No, I certainly understand. I was just thinking about some of your financial inputs. Do you have any inputs regarding the economy or interest rates? Do they factor into your calculations at all?

In our case, we don't include those as direct inputs. Our focus is primarily on the students' ability to pay. When students enroll, they declare their intent and fill out the FAFSA form, providing us with information about their financial situation. Based on that, we calculate their "unmet need," which refers to the remaining cost of tuition after considering their financial aid, such as scholarships, grants, and other forms of assistance that reduce the overall cost. We assess their ability to pay based on factors like family contribution and work-study opportunities. The unmet need represents the portion they would need to cover through loans or other means. So, our approach revolves around understanding and analyzing students' unmet need and ability to pay, and how that impacts factors like retention and graduation rates through statistical analysis.

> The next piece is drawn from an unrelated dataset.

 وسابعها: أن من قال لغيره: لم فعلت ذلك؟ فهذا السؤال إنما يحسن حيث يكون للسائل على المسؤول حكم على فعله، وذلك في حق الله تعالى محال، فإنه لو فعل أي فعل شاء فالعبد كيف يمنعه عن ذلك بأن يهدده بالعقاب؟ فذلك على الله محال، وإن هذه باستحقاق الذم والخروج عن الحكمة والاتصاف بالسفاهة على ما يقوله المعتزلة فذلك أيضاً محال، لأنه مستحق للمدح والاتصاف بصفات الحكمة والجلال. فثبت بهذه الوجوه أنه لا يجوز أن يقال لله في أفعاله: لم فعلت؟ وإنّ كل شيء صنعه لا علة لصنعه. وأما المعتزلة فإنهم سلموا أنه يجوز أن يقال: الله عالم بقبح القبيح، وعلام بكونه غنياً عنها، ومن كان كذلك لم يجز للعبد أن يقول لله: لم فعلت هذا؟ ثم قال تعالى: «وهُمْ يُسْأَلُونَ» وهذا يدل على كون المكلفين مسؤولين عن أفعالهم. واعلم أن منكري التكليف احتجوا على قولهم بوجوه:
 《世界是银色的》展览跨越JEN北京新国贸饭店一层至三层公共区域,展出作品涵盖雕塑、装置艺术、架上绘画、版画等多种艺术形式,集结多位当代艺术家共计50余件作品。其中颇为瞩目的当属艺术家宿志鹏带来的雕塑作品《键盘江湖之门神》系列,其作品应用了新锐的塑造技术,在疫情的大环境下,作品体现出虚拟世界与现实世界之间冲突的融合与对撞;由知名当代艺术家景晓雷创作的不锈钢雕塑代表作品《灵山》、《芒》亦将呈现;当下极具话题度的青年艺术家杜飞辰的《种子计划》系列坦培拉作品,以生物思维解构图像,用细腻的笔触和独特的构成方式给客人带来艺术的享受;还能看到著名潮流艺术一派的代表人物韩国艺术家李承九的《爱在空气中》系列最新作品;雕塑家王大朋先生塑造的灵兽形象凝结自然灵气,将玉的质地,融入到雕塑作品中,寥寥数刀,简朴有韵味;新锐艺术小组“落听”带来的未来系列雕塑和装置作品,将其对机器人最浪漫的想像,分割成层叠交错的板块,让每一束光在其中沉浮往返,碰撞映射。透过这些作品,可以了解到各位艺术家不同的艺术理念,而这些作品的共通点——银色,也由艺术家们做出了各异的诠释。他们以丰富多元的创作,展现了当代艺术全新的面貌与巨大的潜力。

Understood. Well, it seems like we're running out of time, but before we wrap up, I'd like to give you an opportunity for some closing remarks. Are there any new features or functionalities on the horizon, or any final words you'd like to share with our potential audience?

Absolutely. Instead of focusing on specific product features, I'd like to emphasize a broader message that we're trying to convey to the market and our clients. All these elements are interconnected. It's crucial to consider academic programs, student learning outcomes, career outcomes, and the operational efficiency and sustainability of universities together. Integrated planning is key, where all these aspects are analyzed and aligned. It's important to take a holistic view and combine data to make informed planning and decision-making processes. That's the approach we're striving for, providing our clients with the tools, data, and best practices to achieve this holistic perspective.

Well, listen, I learned a lot. I think that was great. I appreciate your time with my audience and I wish you the best of luck. 

Thank you very much. Appreciate your time today as well.